The Book of Dave
Page 34
'Yeah, yeah, it is, as it 'appens.' Dave sounded unconcerned indifferent even. 'Where'd you drop 'er off, then?'
' 'ampstead. Probly gone up there to meet a girlfriend in one of them wine bars. She was right dolled up, she was – looked lovely. You're a very lucky feller … Nah, my old Vera …'
Dave was no longer listening. Sitting there, sucking on his acrid teat and staring at the hideous Gimp sipping his soup-a-cup, Dave was looking instead into the wing mirror of his mind, where all the traffic behind him now appeared much, much larger. She had every opportunity, I've worked nights for half the time we've been together … Why wouldn't she? I know I disgust her . . . After the boy I couldn't. . . I couldn't make her come … It was all. . . all slack down there … This was grotesque pleading, for he knew the truth: it wasn't that she was too big for him – he was too small for her. Michelle hadn't meant to; it was a skill she'd sucked up with her mother's formula – belittling a man until he was the size of a toy soldier, then putting him away in a box.

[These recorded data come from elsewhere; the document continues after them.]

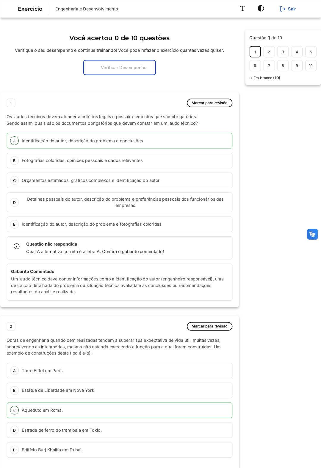 <p>Você acertou 0 de 10 questões</p><p>Verifique o seu desempenho e continue treinando! Você pode refazer o exercício quantas vezes quiser.</p><p>Verificar Desempenho</p><p>A</p><p>B</p><p>C</p><p>D</p><p>E</p><p>A</p><p>B</p><p>C</p><p>D</p><p>E</p><p>1 Marcar para revisão</p><p>Os laudos técnicos devem atender a critérios legais e possuir elementos que são obrigatórios.</p><p>Sendo assim, quais são os documentos obrigatórios que devem constar em um laudo técnico?</p><p>Identificação do autor, descrição do problema e conclusões</p><p>Fotografias coloridas, opiniões pessoais e dados relevantes</p><p>Orçamentos estimados, gráficos complexos e identificação do autor</p><p>Detalhes pessoais do autor, descrição do problema e preferências pessoais dos funcionários das</p><p>empresas</p><p>Identificação do autor, descrição do problema e fotografias coloridas</p><p>Questão não respondida</p><p>Opa! A alternativa correta é a letra A. Confira o gabarito comentado!</p><p>Gabarito Comentado</p><p>Um laudo técnico deve conter informações como a identificação do autor (engenheiro responsável), uma</p><p>descrição detalhada do problema ou situação técnica avaliada e as conclusões ou recomendações</p><p>resultantes da análise realizada.</p><p>2 Marcar para revisão</p><p>Obras de engenharia quando bem realizadas tendem a superar sua expectativa de vida útil, muitas vezes,</p><p>sobrevivendo as intempéries, mesmo não estando exercendo a função para a qual foram construídas. Um</p><p>exemplo de construções deste tipo é a(o):</p><p>Torre Eiffel em Paris.</p><p>Estátua de Liberdade em Nova York.</p><p>Aqueduto em Roma.</p><p>Estrada de ferro do trem bala em Tokio.</p><p>Edifício Burj Khalifa em Dubai.</p><p>Questão 1 de 10</p><p>Em branco �10�</p><p>1 2 3 4 5</p><p>6 7 8 9 10</p><p>Exercicio Engenharia e Desenvolvimento Sair</p><p>A</p><p>B</p><p>C</p><p>D</p><p>E</p><p>Questão não respondida</p><p>Opa! A alternativa correta é a letra C. Confira o gabarito comentado!</p><p>Gabarito Comentado</p><p>Os aquedutos romanos são exemplos de obras de engenharia que resistiram ao tempo e as suas funções.</p><p>Gigantescos e extensos estes aquedutos foram inteligentemente construídos para suprir as necessidades</p><p>de água para a cidade de Roma.</p><p>As demais opções apresentam obras de engenharia que são muito ou relativamente atuais, mas nada</p><p>comparado com as obras milenares dos romanos.</p><p>3 Marcar para revisão</p><p>Os princípios éticos são destacados no Art. 8º da Resolução nº 1.002/2002 �CONFEA, 2002�, como</p><p>fundamento da prática profissional da engenharia.</p><p>Marque a alternativa que indica um dos princípios éticos destacados no Art. 8º da Resolução nº 1.002/2002.</p><p>A profissão é exclusivamente um meio de obtenção de lucro</p><p>A profissão é um serviço voltado apenas para a elite da sociedade, que tem condição de pagar pelos</p><p>serviços</p><p>A profissão visa exclusivamente o benefício pessoal do profissional</p><p>A profissão é um bem social da humanidade, visando a preservação e o desenvolvimento harmônico</p><p>do ser humano e de seu ambiente</p><p>A prática profissional dispensa conduta honesta e digna</p><p>Questão não respondida</p><p>Opa! A alternativa correta é a letra D. Confira o gabarito comentado!</p><p>Gabarito Comentado</p><p>A profissão é um bem social da humanidade, visando a preservação e o desenvolvimento harmônico do</p><p>ser humano e de seu ambiente. Isso reflete o princípio ético destacado no Art. 8º, referindo-se ao objetivo</p><p>da profissão como um serviço para o benefício da sociedade. As demais alternativas estão incorretas,</p><p>pois vão contra os princípios éticos estabelecidos, enfatizando o lucro pessoal, a exclusividade elitista, a</p><p>busca do benefício pessoal e a falta de conduta honesta.</p><p>4 Marcar para revisão</p><p>O desenvolvimento da engenharia e da indústria andam lado a lado, um sendo dependente da evolução do</p><p>outro. Com relação a esse tema, analise as seguintes asserções:</p><p>I. No período da primeira Revolução Industrial os engenheiros, cientistas e inventores eram considerados</p><p>fundamentais para as invenções.</p><p>PORQUE</p><p>II. A lucratividade de uma indústria depende somente da capacidade técnica dos seus profissionais.</p><p>Analisando as asserções realizadas acima, assinale a opção que representa a correta razão entre elas.</p><p>A</p><p>B</p><p>C</p><p>D</p><p>E</p><p>A</p><p>B</p><p>C</p><p>D</p><p>E</p><p>A asserção I está correta e a asserção II é uma justificativa da asserção I.</p><p>A asserção I está correta e a asserção II está correta, mas não é uma justificativa da asserção I.</p><p>A asserção I está correta e a asserção II está incorreta.</p><p>A asserção I está incorreta e a asserção II está correta.</p><p>Ambas as asserções estão incorretas.</p><p>Questão não respondida</p><p>Opa! A alternativa correta é a letra C. Confira o gabarito comentado!</p><p>Gabarito Comentado</p><p>I � Correta: A função dos profissionais de criação era fundamental no período da primeira Revolução</p><p>Industrial</p><p>II � Incorreta: A lucratividade de uma indústria depende de inúmeros fatores, não somente da capacidade</p><p>técnica de seus profissionais.</p><p>5 Marcar para revisão</p><p>A primeira revolução industrial desencadeou vários processos de naturezas distintas. Escolha na lista abaixo</p><p>aquele que não se encaixa como consequência da primeira revolução industrial:</p><p>Êxodo rural em busca de empregos;</p><p>Bons salários por causa do aumento da produtividade;</p><p>Más condições de habitação;</p><p>Criação de Sindicatos;</p><p>Implantação do capitalismo.</p><p>Questão não respondida</p><p>Opa! A alternativa correta é a letra B. Confira o gabarito comentado!</p><p>Gabarito Comentado</
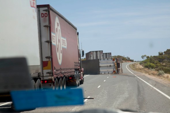 While Suz and I had eaten lettuce and all offending plant material before the WA border town of Eucla, Waz and Stevie celebrated with hot chips. Wedge-tail eagles were in abundance, cleaning up the less fortunate wildlife who lost the battle with unswerving truck drivers fueled on the heady treats of the roadhouse. These beautiful birds never fail to give me joy.
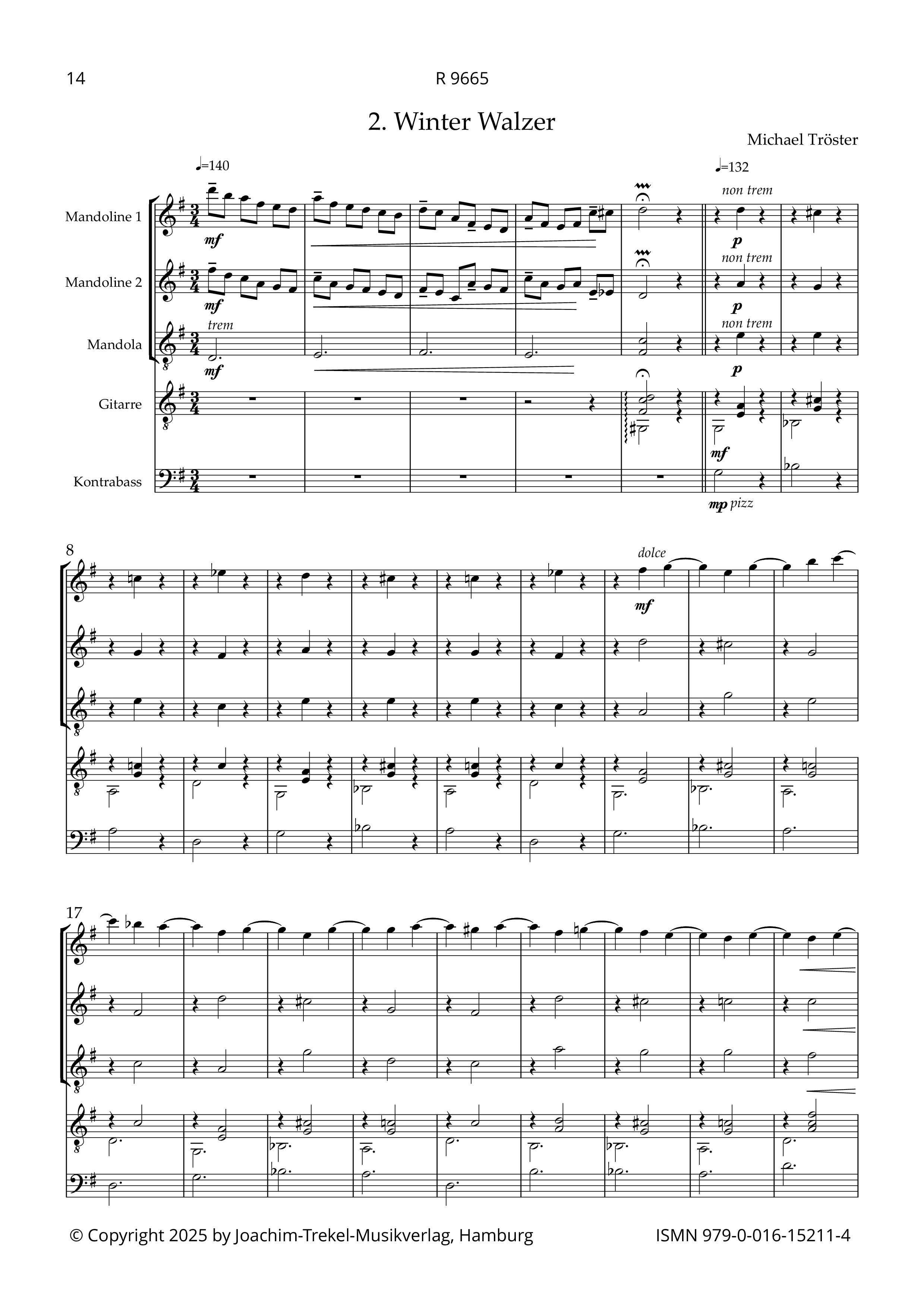 Der zweite Satz “Winter Walzer” lässt die eleganten Pirouetten von schlittschuhlaufenden Pärchen auf einem gefrorenen See erahnen.
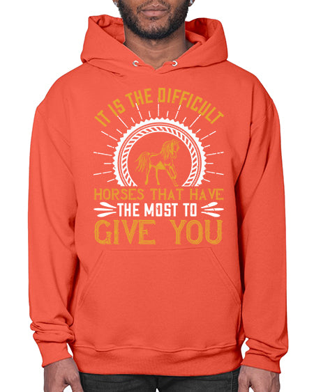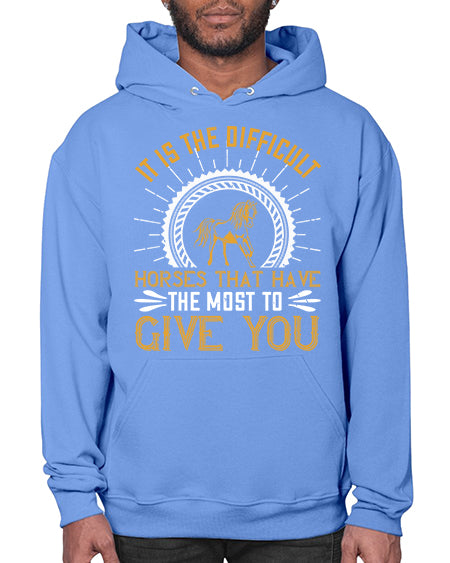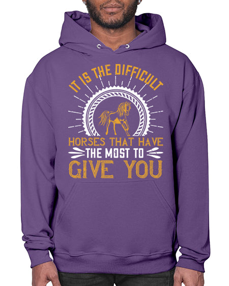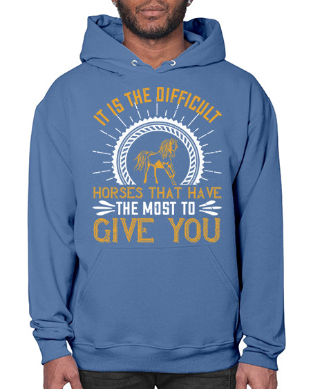 It is the difficult horses that have the most to give you Style 35# - horse - Hoodie Unisex, machine washable, front pouch pocket - 8 oz, 50% cotton/50% polyester NuBlendŽ preshrunk fleece
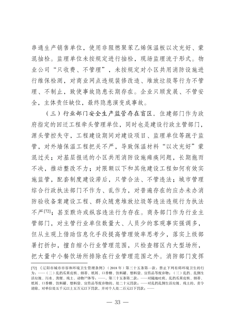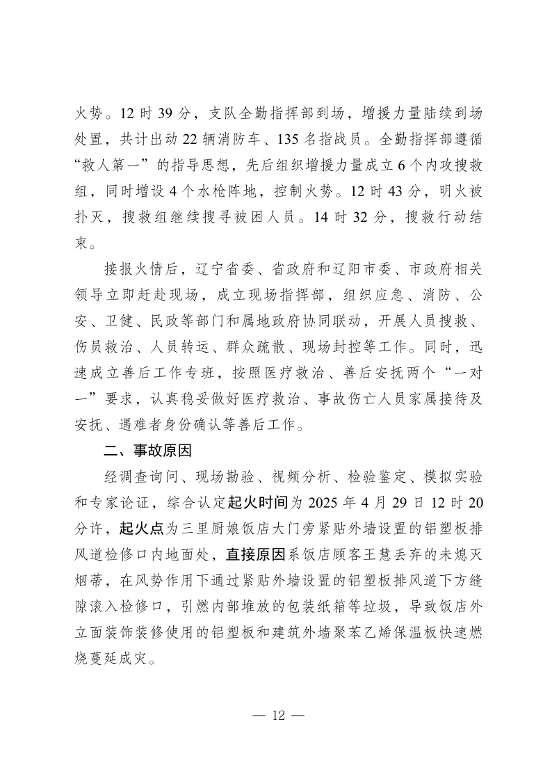 调查认定,这是一起因饭店主体责任不落实,违法改造扩建外立面且大量使用以普通塑料为芯材的铝塑板,违规在门外排风道下方检修口内堆放可燃垃圾,顾客随意丢弃烟蒂,外墙保温材料以次充好,消防设施损坏未及时修复,初期火灾处置不力,属地有关部门及党委、政府履职不到位而导致的重大生产安全责任事故。
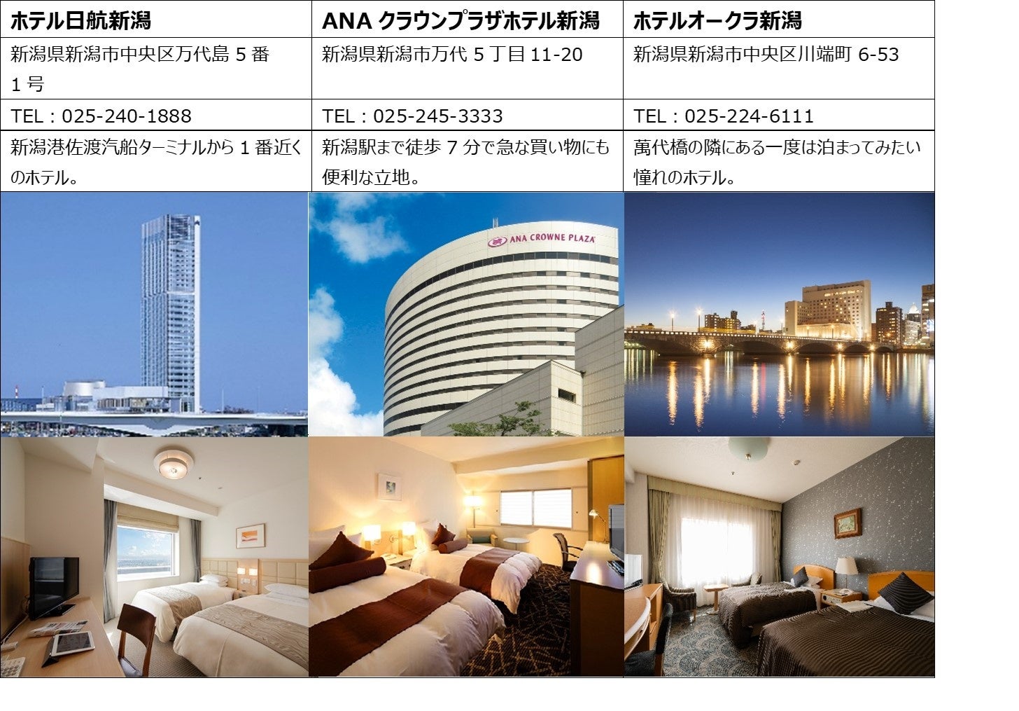 ●旅行代金:両津港からのカーフェリー島民割引きっぷ2等往復+新潟市内のシティホテル1泊素泊り宿泊代がセット。お一人様あたり(1~3名様1室)大人 11,500円、小児 9,500円(税込)
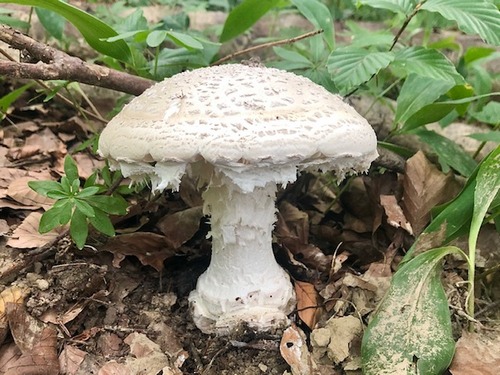 Foto: Der Fransige Wulstling ist noch jung und kündigt einen Schub an. Die wohlschmeckende Art liebt kalkreiche Böden und wächst im Laubwald.

He dredged up the Gimp's real name. 'Where exactly in Hampstead did you drop her off then … Ted? I only ask 'coz I said I'd meet her later and …' He stopped, realizing he was giving too much away, and the Gimp was looking at him queerly, although all he said was 'Beech Row, up the top end of Heath Street, right outside a big fuck-off gaff –'
'Didduloodoo-didduloodoo.' For once Dave's mobile went off at the right time. It was no one he knew – let alone wished to speak to. He feigned importance, though, and, making his excuses, left thinking, Cunt'll be dead soon enough.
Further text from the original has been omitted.